__Your task__. Without copying the images, write out all the entries below verbatim.

Stored items from a collection:
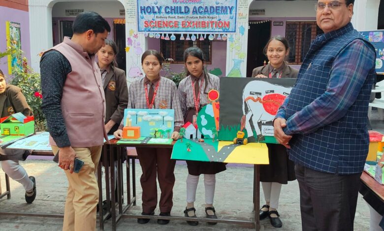 दादरी , रेलवे रोड स्थित होली चाइल्ड एकेडमी में आज कक्षा 6 से 8 तक के विद्यार्थियों ने विज्ञान प्रदर्शनी का आयोजन किया
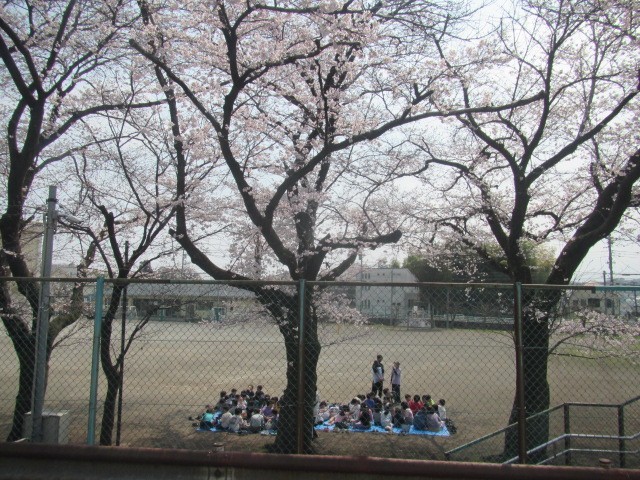 お昼には、校庭にある桜の木の下で、学童さんがシートを広げてお弁当をみんなで食べていました。(写真中・下)
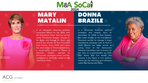 Learn more about our keynote speakers, Mary Matalin and Donna Brazile, who will take the stage on Tuesday, September 17 at 12pm for a very timely discussion on political insights and forecasts for the year ahead. Reserve your ticket today for this highly-anticipated three-day dealmaking conference!
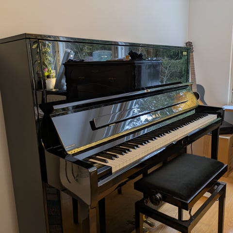 Mukaan tulee jalusta ja pedaali. Näitä pianoja todella vähän myytävänä käytettynä.
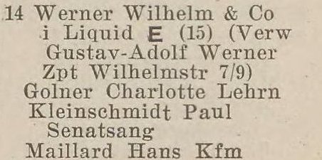 Wilhelm Werner. Książka adresowa z 1939 roku. Zbiory Krzysztofa Gryndera.

__Task output__.
 दादरी , रेलवे रोड स्थित होली चाइल्ड एकेडमी में आज कक्षा 6 से 8 तक के विद्यार्थियों ने विज्ञान प्रदर्शनी का आयोजन किया
 お昼には、校庭にある桜の木の下で、学童さんがシートを広げてお弁当をみんなで食べていました。(写真中・下)
 Learn more about our keynote speakers, Mary Matalin and Donna Brazile, who will take the stage on Tuesday, September 17 at 12pm for a very timely discussion on political insights and forecasts for the year ahead. Reserve your ticket today for this highly-anticipated three-day dealmaking conference!
 Mukaan tulee jalusta ja pedaali. Näitä pianoja todella vähän myytävänä käytettynä.
 Wilhelm Werner. Książka adresowa z 1939 roku. Zbiory Krzysztofa Gryndera.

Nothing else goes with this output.